Palmitoylethanolamide for chronic pain, minding your PEAs and… – Chiropractic Economics

Palmitoylethanolamide, or PEA, is supplying another alternate path to treat chronic pain symptoms for patients seeking natural remedies

It is almost impossible these days to turn on a TV, read a magazine, or go online without coming across a news segment or article about the current opioid crisis in the United States. In 2015, as many as 126 million adults reported experiencing pain in the previous three months, with more than 11% (more than 25 million) reporting daily chronic pain during that time period.
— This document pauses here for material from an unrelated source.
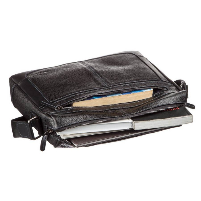 Практичная и удобная деловая кожаная мужская сумка станет прекрасным помощником для любого мужчины. Аксессуар выполнен из натуральной кожи типа флотар, которая особо не прихотлива в уходе и имеет шикарный внешний вид. Аксессуар имеет несъемную текстильную ручку. Внутри – крепкая текстильная подкладка. Изделие дополнено фурнитурой цвета латуни. По краям в дизайн изделия ровная светлая строчка. Закрывается сумка на молнию. Все ваши личные вещи будут в безопасности. Вы можете не сомневаться, что она прослужит вам далеко не один год. В комплекте идет тканевый чехол.
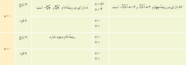 ت اگر a یک عدد منفی و \(n \in N\) باشد، دربارهٔ ریشه nام a چه می توان گفت؟

Furthermore, more than 10 % rated their pain as severe.1

Unfortunately, standard treatment for chronic pain often involves opioids, which can lead to addiction or death by overdose. A 2017 government report found that as many as 25% of patients with non-cancer chronic pain struggled with addiction to long-term prescription opioids. This had increased from a previous report stating that almost 2 million Americans were addicted to prescription opioids.2

For these patients, nonaddictive alternatives, such as cannabidiol CBD or palmitoylethanolamide (PEA), may be viable means of pain control. While there is a healthy body of research on CBD, research on PEA is still ongoing. What is PEA? What is its mechanism of action? What does the research show about its efficacy and comparison to CBD?

Fatty acid PEA

Palmitoylethanolamide (PEA) is a fatty acid that the body produces to reduce certain chronic pain and inflammatory conditions, including diabetic and chemotherapeutic neuropathy, carpal tunnel syndrome, sciatic pain, osteoarthritis, low-back pain, dental pain, neuropathic pain from stroke and multiple sclerosis, pelvic pain, post-herpetic neuralgia, and vaginal pain.4

PEA binds to certain receptors to turn off pain and inflammatory responses. Its main target is thought to be the peroxisome proliferator-activated receptor alpha (PPAR-α), which regulates genes that control pain and inflammation. In doing this, it switches off a particular set of signals that are pro-inflammatory.4

What does the research say?

A 2012 article in the Journal of Pain Research presented a case series of seven patients treated with PEA after standard therapies to treat pain and inflammation failed.4

The researchers concluded that PEA appeared to be a promising addition to similar analgesics for treating various chronic pain conditions. In addition, they found that the odds of serious side effects or adverse drug interactions were minimal, as PEA is also found in certain dairy foods, such as eggs and milk.4

A 2016 article in the British Journal of Clinical Pharmacology reviewed the findings from a group of 23 papers on the efficacy and safety of PEA, in order to determine a pattern of similarity among the findings.5

The researchers concluded: “The available clinical data support the contention that PEA has analgesic actions and motivate further study of this compound, particularly with respect to head‐to‐head comparisons of unmicronized vs. micronized formulations of PEA and comparisons with currently recommended treatments.”

With the current state of the opioid crisis, you should expect to see an increase in the number of patients in your practice who are seeking alternate ways to treat their chronic pain symptoms. PEA supplements may well provide them with the relief they seek.

References

  1. Nahin RL. Journal of Pain. 2015;16(8):769-780.
  2. Woods R. Opioid-crisis cost revised to $504 billion in six-fold surge. Bloomberg. Published November 2017. Accessed Aug. 14, 2019.
  3. CDC Prescription Opioid Overdose Data. Centers for Disease Control and Prevention. Updated November 2017. Accessed Aug.14, 2019.
  4. Hesselink JM, Hekker TA. Journal of Pain Research. 2012;5:437-442.
  5. Gabrielsson L, Mattsson S, Fowler CJ. British Journal of Clinical Pharmacology. 2016;82(4):932-942.